■ HOW TO COMPLETE THIS TASK: Once the line with "2013. április 13-án" is found in the entries below, repeat it and each following line exactly, up to and including the line with "The Dataset Explainer". Add no other lines.

#### SUPPLIED ENTRIES ####

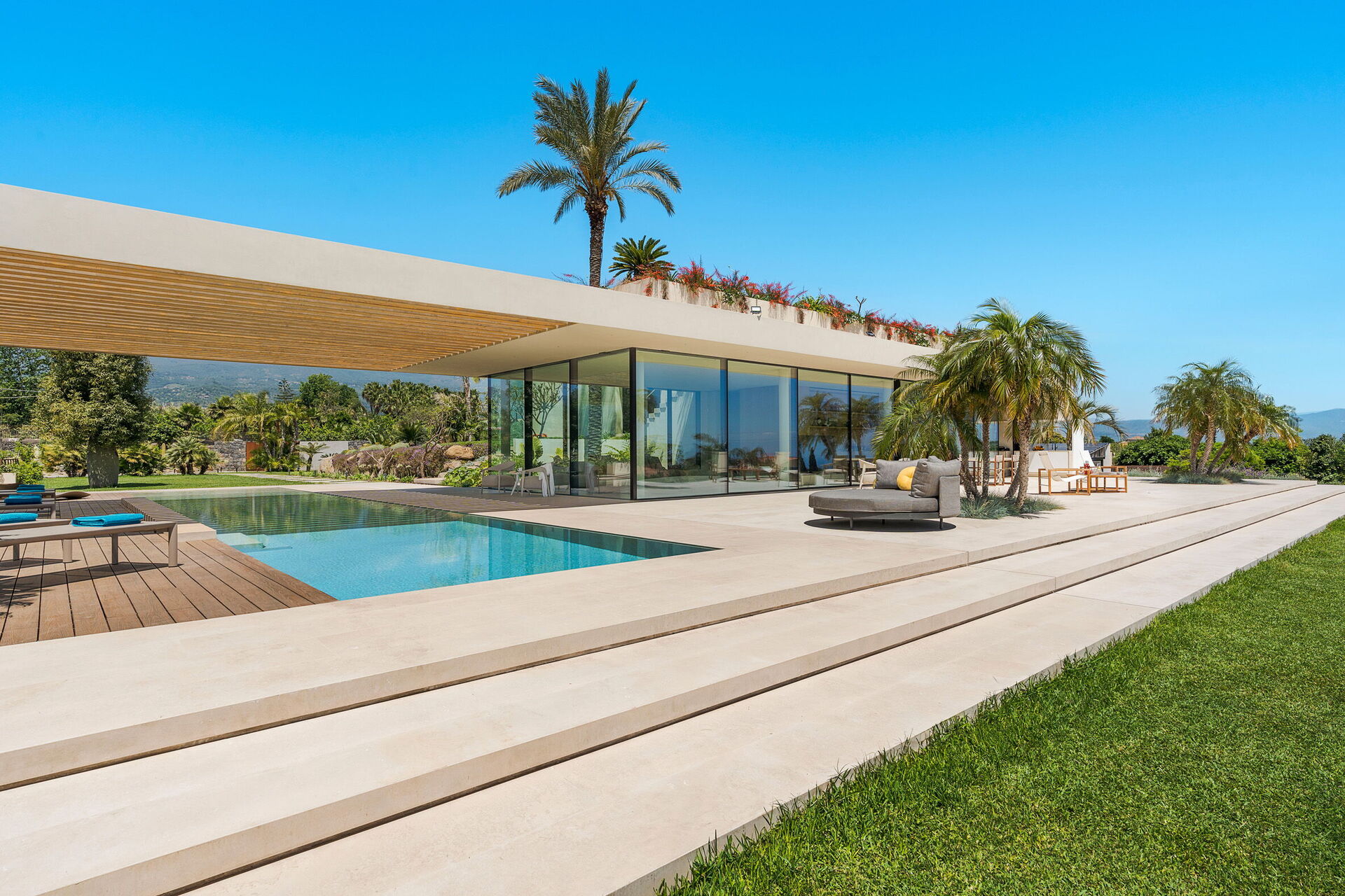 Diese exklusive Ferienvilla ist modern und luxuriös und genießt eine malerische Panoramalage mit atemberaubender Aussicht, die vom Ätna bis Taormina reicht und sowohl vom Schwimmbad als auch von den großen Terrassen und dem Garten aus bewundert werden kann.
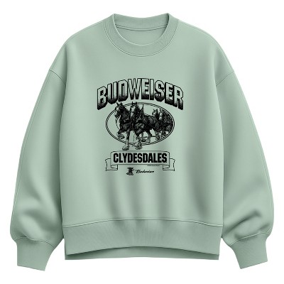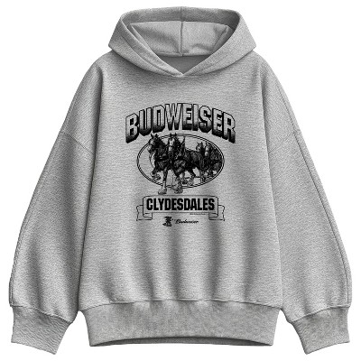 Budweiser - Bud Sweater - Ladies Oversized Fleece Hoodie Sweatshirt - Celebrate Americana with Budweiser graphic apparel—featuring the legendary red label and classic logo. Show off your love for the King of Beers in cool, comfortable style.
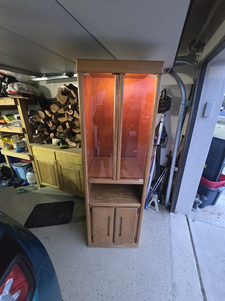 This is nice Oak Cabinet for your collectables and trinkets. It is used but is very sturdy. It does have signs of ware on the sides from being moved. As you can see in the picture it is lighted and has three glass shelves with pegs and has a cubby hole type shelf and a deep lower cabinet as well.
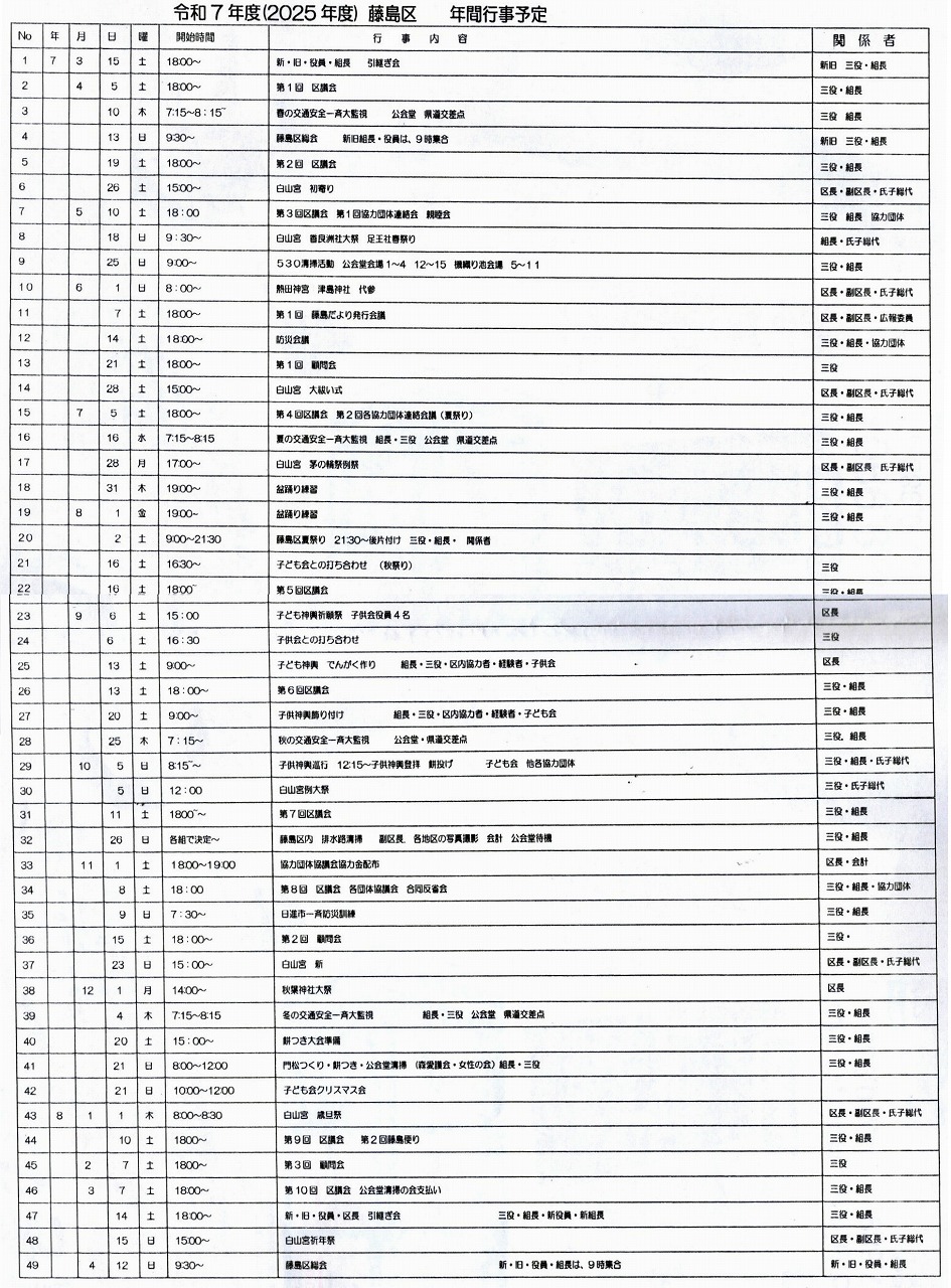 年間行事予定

####
#### SUPPLIED ENTRIES ####

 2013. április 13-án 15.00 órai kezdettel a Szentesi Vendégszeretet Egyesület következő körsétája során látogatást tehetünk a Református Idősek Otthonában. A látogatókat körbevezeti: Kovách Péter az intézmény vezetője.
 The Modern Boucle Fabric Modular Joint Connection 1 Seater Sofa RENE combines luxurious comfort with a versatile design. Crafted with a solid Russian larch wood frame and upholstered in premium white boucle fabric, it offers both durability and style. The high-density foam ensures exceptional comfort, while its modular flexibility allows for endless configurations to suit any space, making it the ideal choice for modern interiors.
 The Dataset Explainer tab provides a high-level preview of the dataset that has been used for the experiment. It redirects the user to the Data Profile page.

####

■ RESULT FOR THIS TASK:
 2013. április 13-án 15.00 órai kezdettel a Szentesi Vendégszeretet Egyesület következő körsétája során látogatást tehetünk a Református Idősek Otthonában. A látogatókat körbevezeti: Kovách Péter az intézmény vezetője.
 The Modern Boucle Fabric Modular Joint Connection 1 Seater Sofa RENE combines luxurious comfort with a versatile design. Crafted with a solid Russian larch wood frame and upholstered in premium white boucle fabric, it offers both durability and style. The high-density foam ensures exceptional comfort, while its modular flexibility allows for endless configurations to suit any space, making it the ideal choice for modern interiors.
 The Dataset Explainer tab provides a high-level preview of the dataset that has been used for the experiment. It redirects the user to the Data Profile page.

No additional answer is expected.